Kelvin is used in scientific formulas because it is an absolute scale, starting from absolute zero, the point where all molecular motion stops. This makes it a universal and practical scale for scientific calculations.

Kinetic theory of gases

The kinetic theory of gases is a model that helps explain the behaviors and properties of gases by assuming that gases are made up of a large number of small particles (atoms or molecules) in constant motion. This theory provides a comprehensive framework for understanding how gas particles interact with each other and their environment.

Some key postulates include:

• Gas particles are in constant, random motion.
• The volume of individual gas particles is negligible compared to the volume of the container.
• There are no forces between the particles except during collisions.
• Collisions between gas particles and with the walls of the container are perfectly elastic, meaning there is no loss of kinetic energy during collisions.

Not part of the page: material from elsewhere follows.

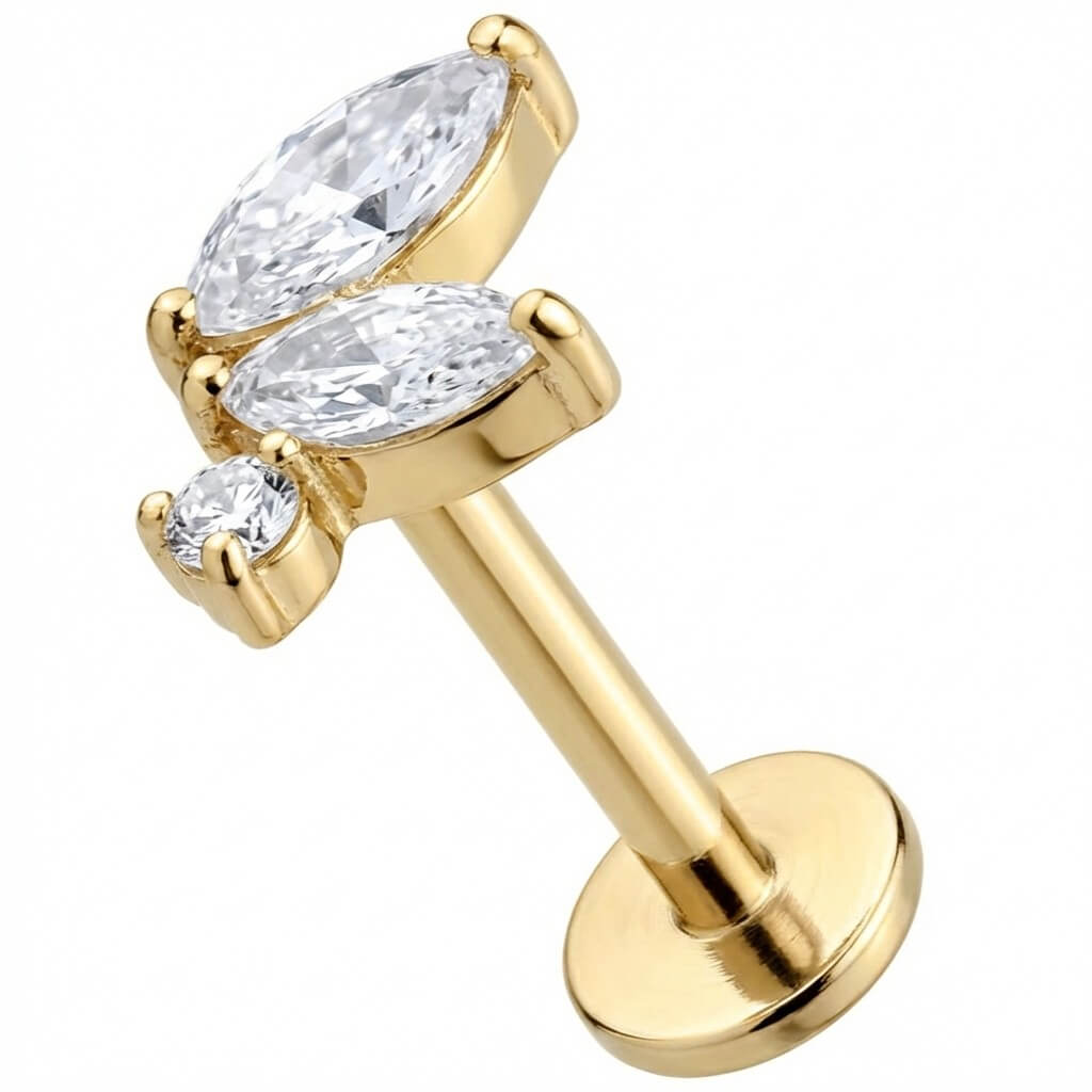 Dai un tocco di luce al tuo orecchio con questo design unico. Composto da due cristalli taglio marquise e un punto luce rotondo, crea un delicato motivo a foglia che non passa inosservato. Realizzato in Titanio di alta qualità, è sicuro sulla pelle e super resistente. Ideale per arricchire il tuo helix, conch o lobo.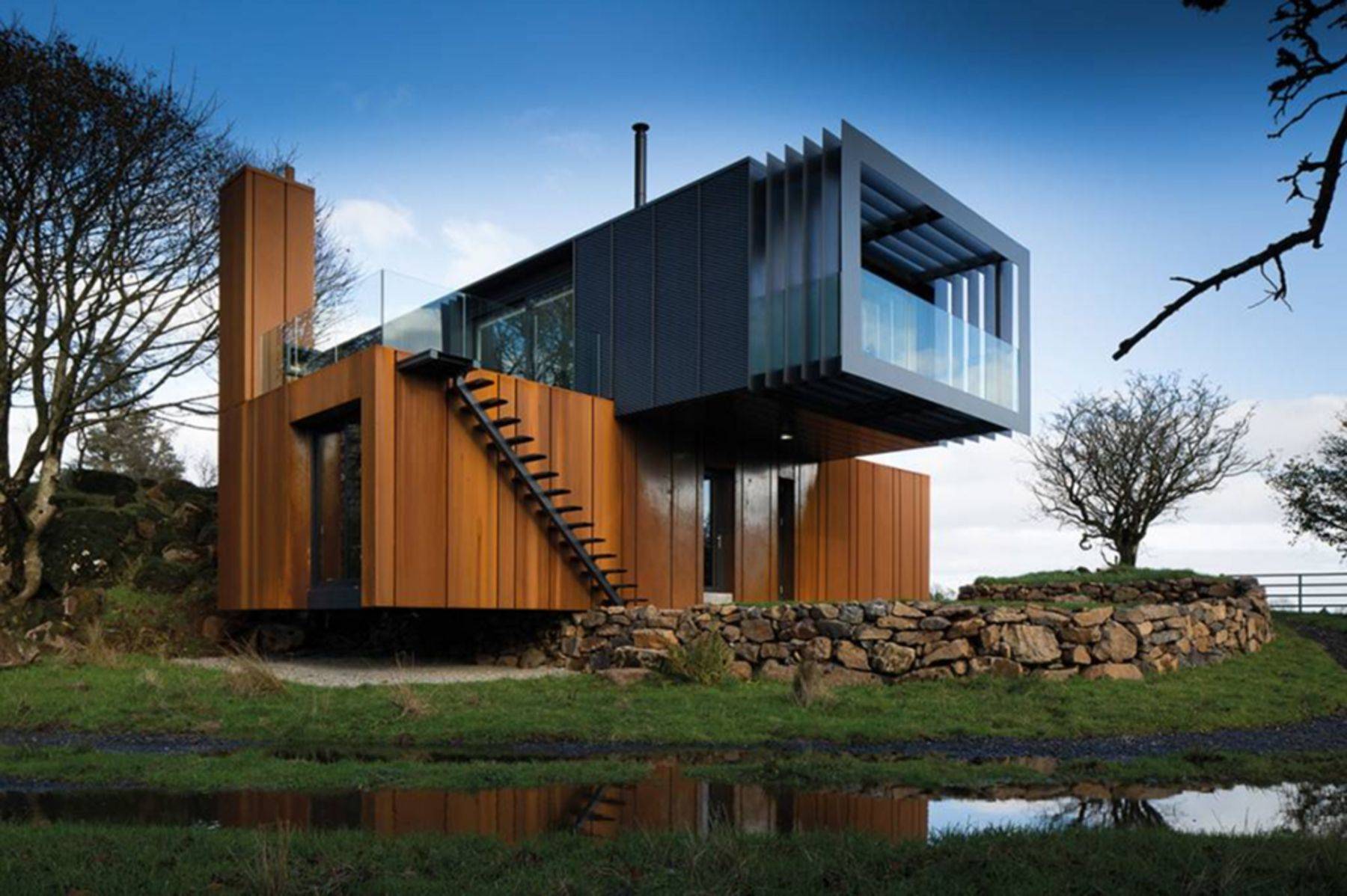 Сборка здания осуществляется по отработанной технологии и не занимает много времени. Если использовать модули с наружной и внутренней отделкой, после сборки коттеджа можно в него вселяться. Но нередко застройщики применяют контейнеры без декоративной отделки. Это позволяет выбирать облицовочные материалы на свой вкус.

In the problem, this theory explains why the rms speed of gas particles is linked to temperature. As the temperature of a gas increases, so does the average kinetic energy of its particles, which in turn increases their speed. This relationship is mathematically embedded in the formula \( v_{rms} = \sqrt{\frac{3kT}{m}} \), underscoring the theory's assumption that temperature is a measure of the average kinetic energy of the gas particles.

Understanding this theory is fundamental for predicting and explaining gas behavior in various conditions, such as changes in temperature or pressure.